**EXERCISE INSTRUCTIONS**.
Only the lines below from the one that holds "قیمت پنجره دوجداره" through the one that holds "- Mélangez dans" should appear in the answer, copied exactly, end lines included and pictures omitted.

**PROVIDED RECORDS**.

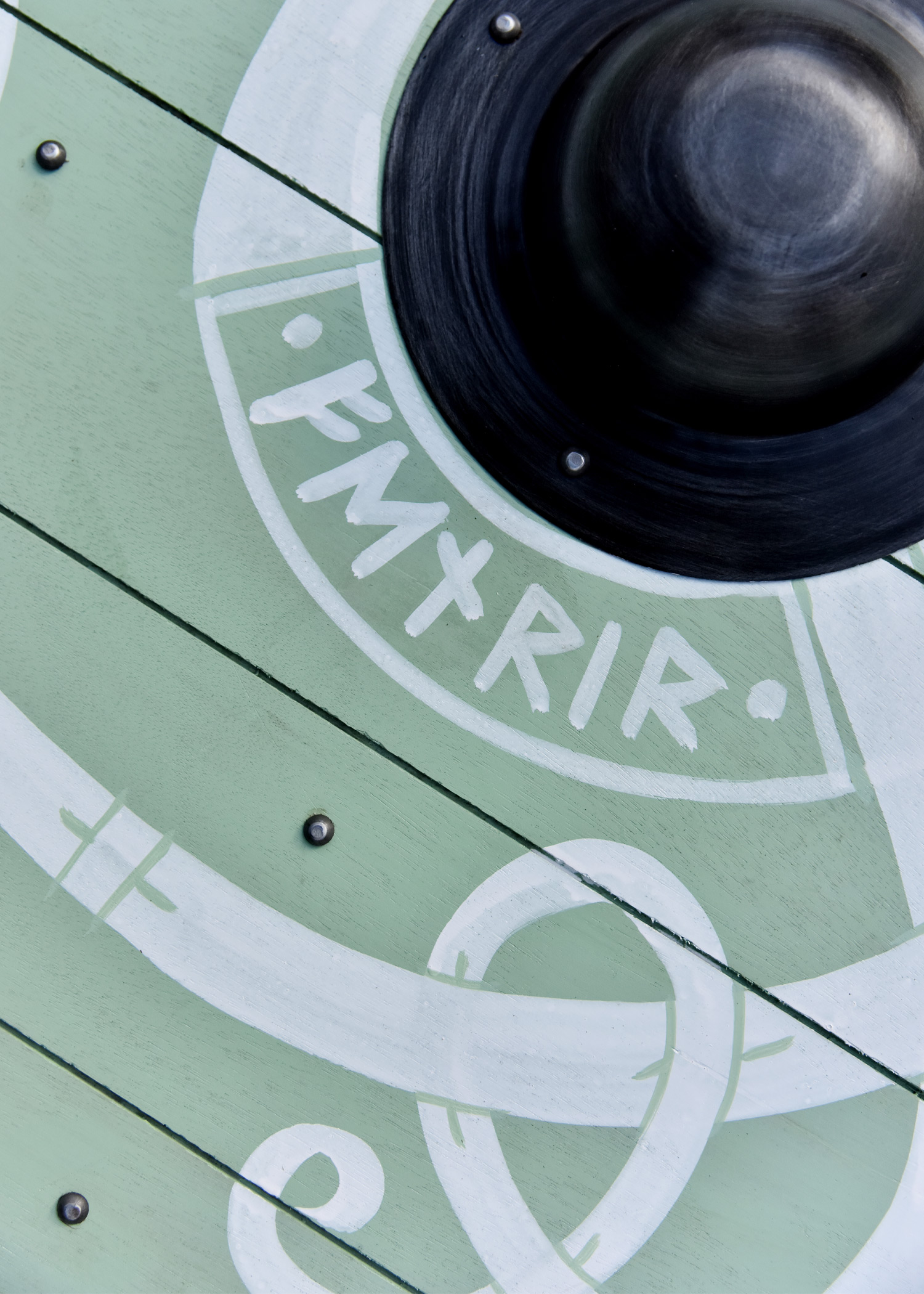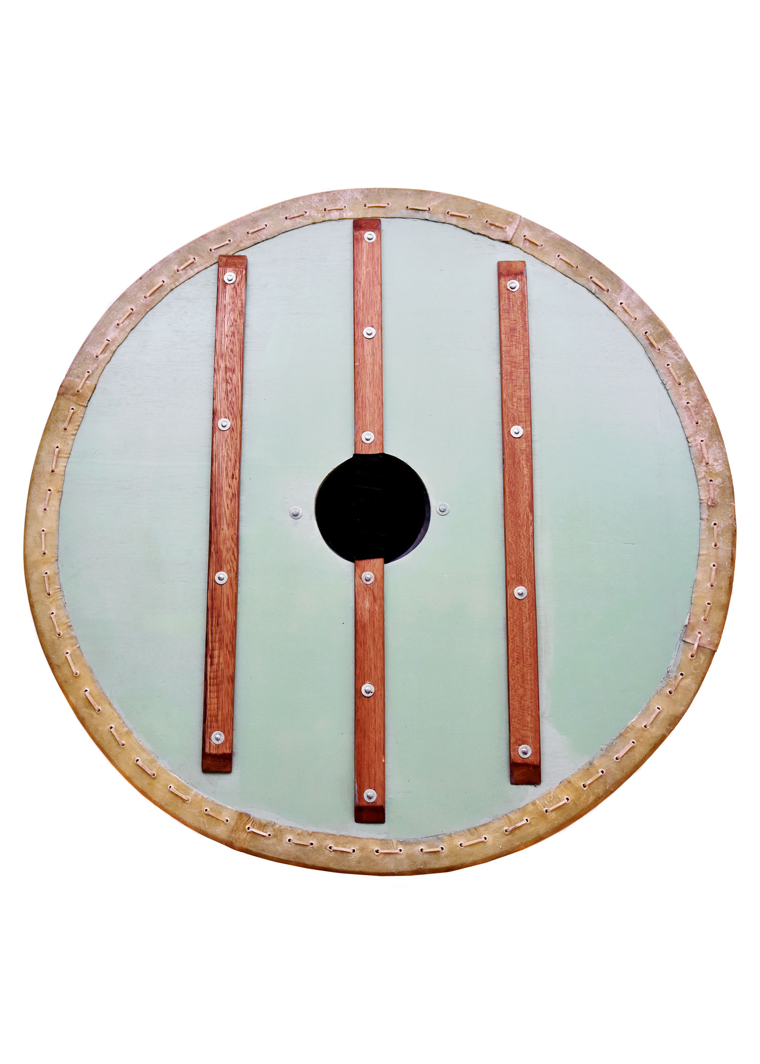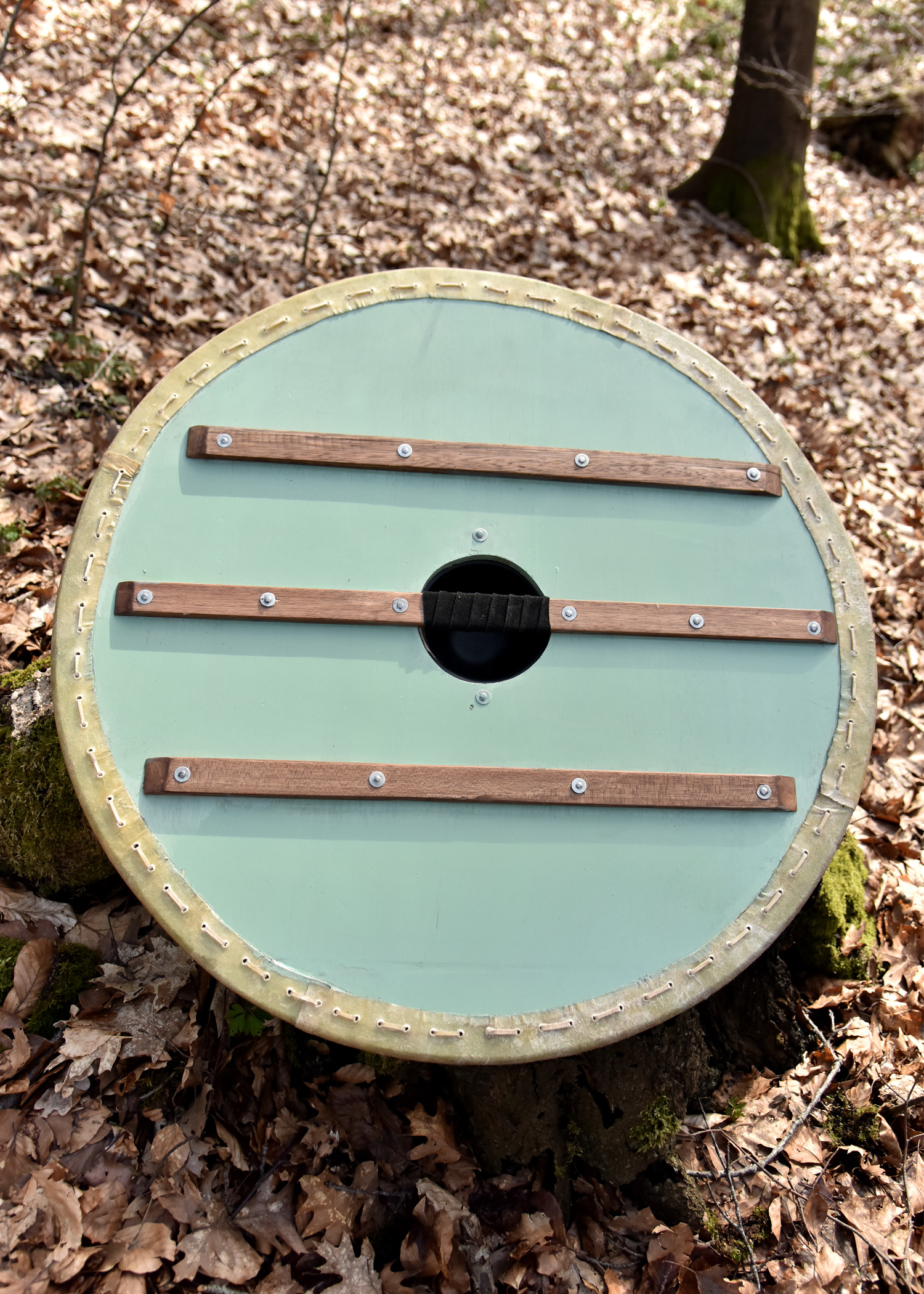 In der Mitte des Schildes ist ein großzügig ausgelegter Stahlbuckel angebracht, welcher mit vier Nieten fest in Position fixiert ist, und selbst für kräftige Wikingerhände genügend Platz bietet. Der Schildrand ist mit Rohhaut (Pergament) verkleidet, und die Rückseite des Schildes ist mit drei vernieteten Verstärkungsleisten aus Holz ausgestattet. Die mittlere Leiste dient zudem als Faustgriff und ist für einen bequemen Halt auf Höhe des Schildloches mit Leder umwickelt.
...
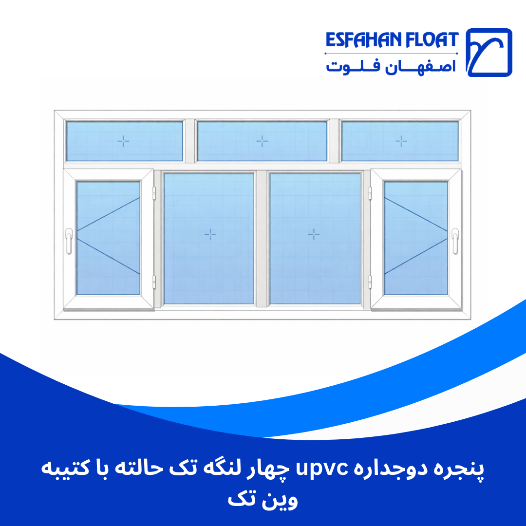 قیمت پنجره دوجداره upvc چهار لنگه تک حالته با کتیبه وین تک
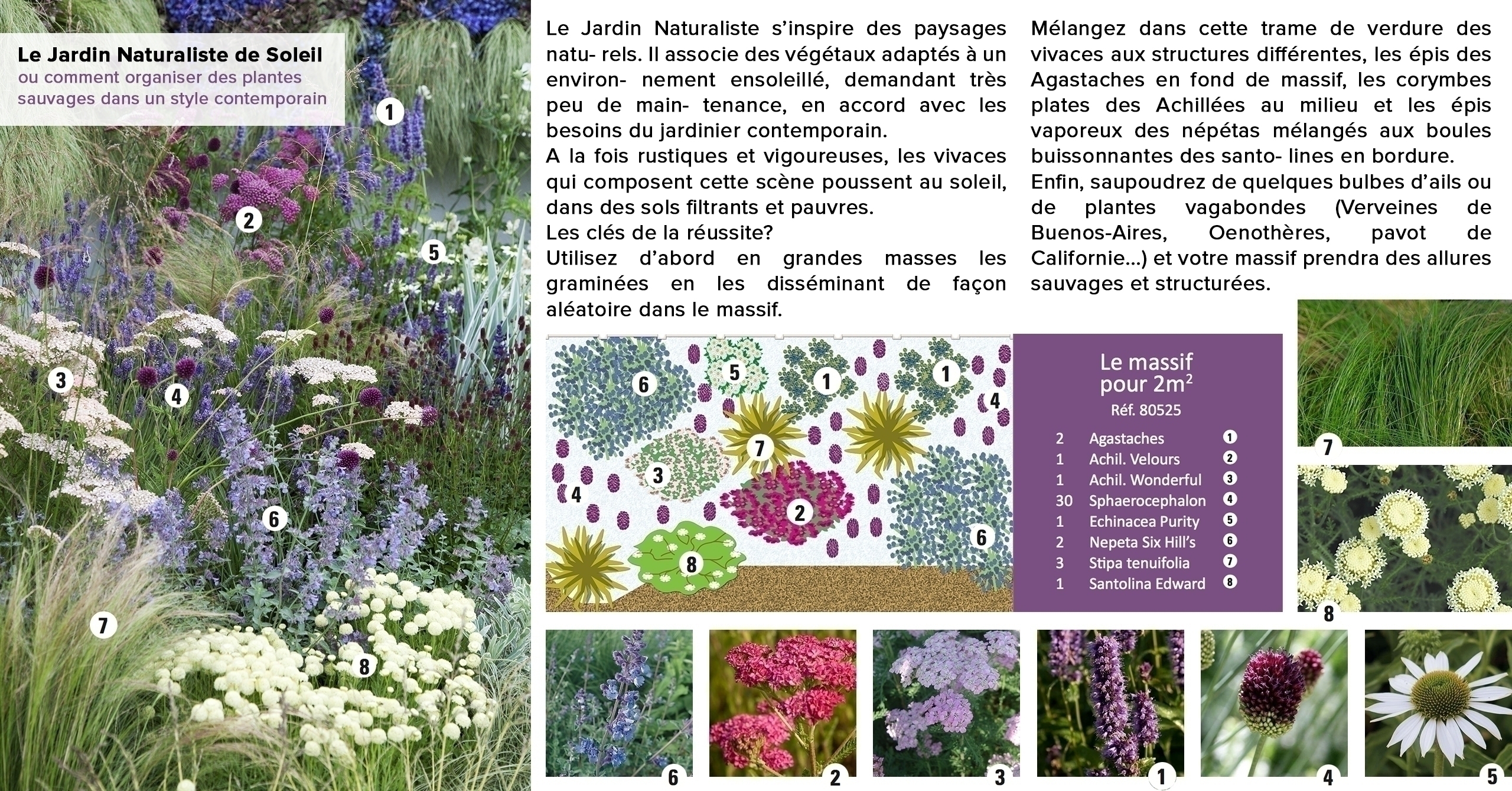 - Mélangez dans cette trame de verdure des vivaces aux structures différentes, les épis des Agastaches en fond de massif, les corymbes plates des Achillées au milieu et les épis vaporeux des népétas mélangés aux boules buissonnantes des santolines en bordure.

**PROBLEM SOLUTION**.
 قیمت پنجره دوجداره upvc چهار لنگه تک حالته با کتیبه وین تک
 - Mélangez dans cette trame de verdure des vivaces aux structures différentes, les épis des Agastaches en fond de massif, les corymbes plates des Achillées au milieu et les épis vaporeux des népétas mélangés aux boules buissonnantes des santolines en bordure.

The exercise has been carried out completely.